On the other hand, as I have said, I think it's a -- for Chubb, it is a better trade to us to grow our insurance, property catastrophe-related exposure that it is to do it through our insurance -- our reinsurance operations. And so, we have put much more capital, are taking more exposure on the insurance side where we've got great transparency, we've got great distribution reach, we've got underwriting expertise up and down the food chain from personal lines to small commercial, to large industrial commercial, to E&S, across North America, across the globe. And so, we're participating heavily and choosing to do it there. On the. On the -- and we'll see what one-one produces and if we like the risk-adjusted returns on a relative basis to insurance, then we would lean in and do more in the property CAT area. But it's not -- the money is not burning a hole in our pocket by any means.

On the other side, reinsurance casualty, as I just said, look, it's not a new story to us about casualty and -- nor to our -- those who run our reinsurance business. They have the insights of Chubb's insurance business. And so, we've been very, very cautious, and we've shrunk our market share significantly. If casualty re improves to a point where it reflects the environment and you can earn a reasonable risk-adjusted return, you'd see us right more there. Other than that, we've got plenty of handles to pull in Chubb. And we remain patient and cautious. The only way to outperform in the insurance business as far as I know over top.

Gregory Peters
Analyst at Raymond James

Got it. Thanks for the detail.

Evan G. Greenberg
Chairman and Chief Executive Officer at Chubb

You're welcome.

Operator

Your next question comes from the line of David Motemaden with Evercore ISI. Your line is open.

David Motemaden
Analyst at Evercore ISI

Thanks. Good morning. I just had a question on North America commercial and the growth there. Obviously, the net premium written growth is coming in, just as you said, it would have. But I'm looking at the gross premium written growth and that decelerated a bit to 3% from 9% last quarter. I'm wondering if you could just walk through some of the moving pieces as to why that decelerated a little bit.

Evan G. Greenberg
Chairman and Chief Executive Officer at Chubb

Yeah. Thanks so much, David. Look, it's pretty simple. It was a couple of non-repeat or one-off fronted or structured deals. So, adjusting for those and really like, two or three, the gross growth was actually in line, right in-line with that. So, there's no underlying trend or broad sort of systemic. It was simply related to a couple of fronting deals.

David Motemaden
Analyst at Evercore ISI

Got it.

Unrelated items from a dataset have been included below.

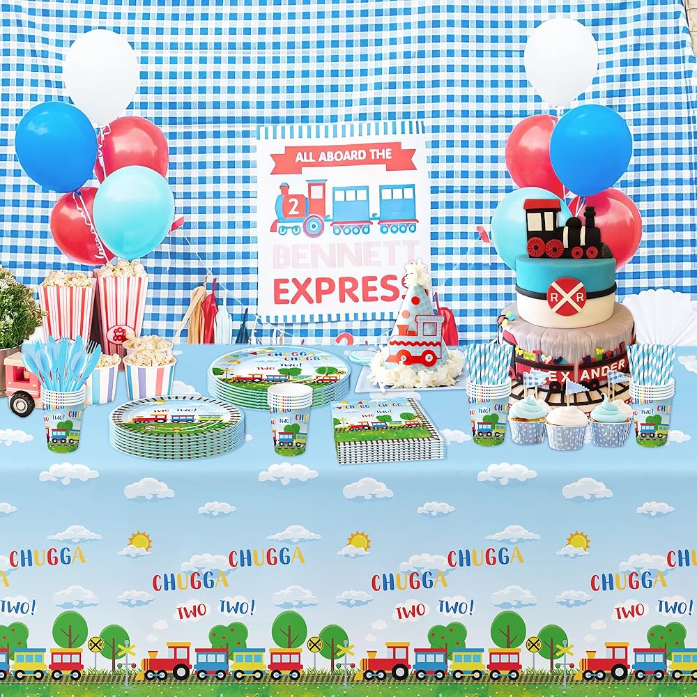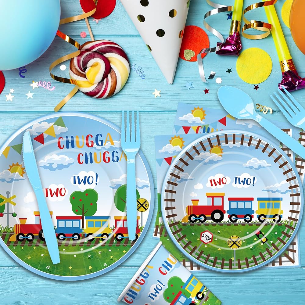 【Train Party Supplies】Transform your party into a delightful celebration with this chugga chugga two two decorations dinnerware. From plates to cups, and napkins, each item is adorned with vibrant transportation train illustrations, creating a cohesive and eye-catching theme for your celebration
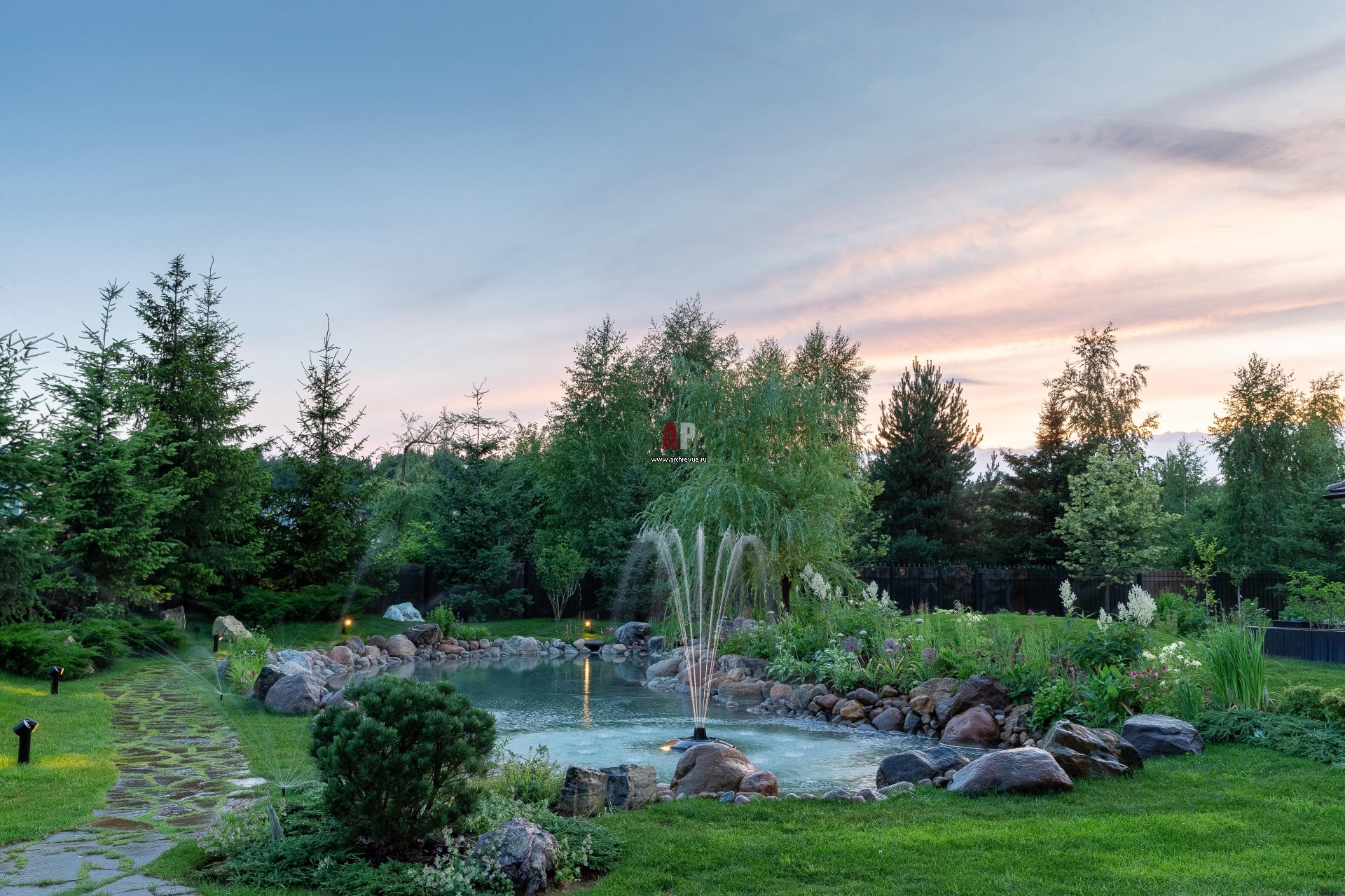 Эклектичный дом в Подмосковье. Фото ландшафта.
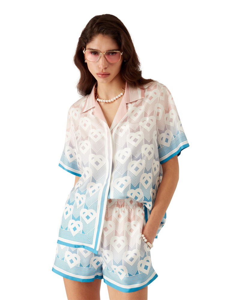 The Gradient Heart monogram silk shorts are an all-over printed design featuring the house's heart monogram on a pink and blue gradient background. Crafted from a monogram silk twill fabric and finished with an elasticised waistband, drawstring fastening, a back pocket and stripe hem detail.

Understood. And then just on, Peter had mentioned overall ongoing reserve development still strong on ongoing business in all-in. He had cited the $55 million of unfavorable on long-tail lines, which is small. But just wondering if you could just talk about what segments that was focused in and what lines were driving that. And maybe a little bit of detail on what's going on.

Evan G. Greenberg
Chairman and Chief Executive Officer at Chubb

It's no -- there is nothing new, no new story about it. It's auto and excess casualty and it's those years of '17 to '19, maybe a little bit of '16. And that's about it.

David Motemaden
Analyst at Evercore ISI

Got it. Makes sense. Thank you.

Evan G. Greenberg
Chairman and Chief Executive Officer at Chubb

Yeah, obviously. [Indecipherable] There aren't more words for me to -- we've all been talking about it, so -- for a number of years, and it is -- just continues to develop a bit, and we just strive to stay right on top of it.

Operator

Your next question is from the line of Mike Zaremski with BMO Capital Markets. Your line is open.

Michael Zaremski
Analyst at BMO Capital Markets

Hey, great, good morning. Good morning, Evan. I guess, I'll ask a question specifically on the North America commercial segment, and it's kind of -- it has to do with, I guess, reserves too taking off with some of the other questions. But if I just look at year-to-date, and this definitely isn't a Chubb-specific phenomenon, but I'll cite Chubb stats, reserve release levels running, let's just say, 50% below last year, 50% below even Chubb's like historical five years looking at our model. I guess, it implies something's changed. And I guess, the question we get from investors -- and by the way, I'm cognizant the absolute combined ratio is great, but the question we get from investors is that if reserve release levels have changed so much, why haven't loss cost inflation assumptions changed materially? Is that anything you'd like to comment there?

Evan G. Greenberg
Chairman and Chief Executive Officer at Chubb

Loss cost inflation? Let me key off of that for a second. I think your mental model may not be exactly right. Loss cost inflation over the last two years, and maybe longer, you've watched it step up, our disclosed loss cost inflation. And when it steps up, it first impacts your view, and therefore, your pricing and your loss ratios for your current accident year. You then have to apply it going back on your reinforced reserves. But your reinforced reserves continue to develop. And as they develop, if they develop with more inflation in the current calendar year than you imagined, and you think it has credibility, then you have to adjust those reserves going back. And then that informs your inflation factor you're going to use in the current period. And that's why you see inflation has -- loss cost inflation has evolved over the last few years, with the notion of increase of frequency of severity in particular.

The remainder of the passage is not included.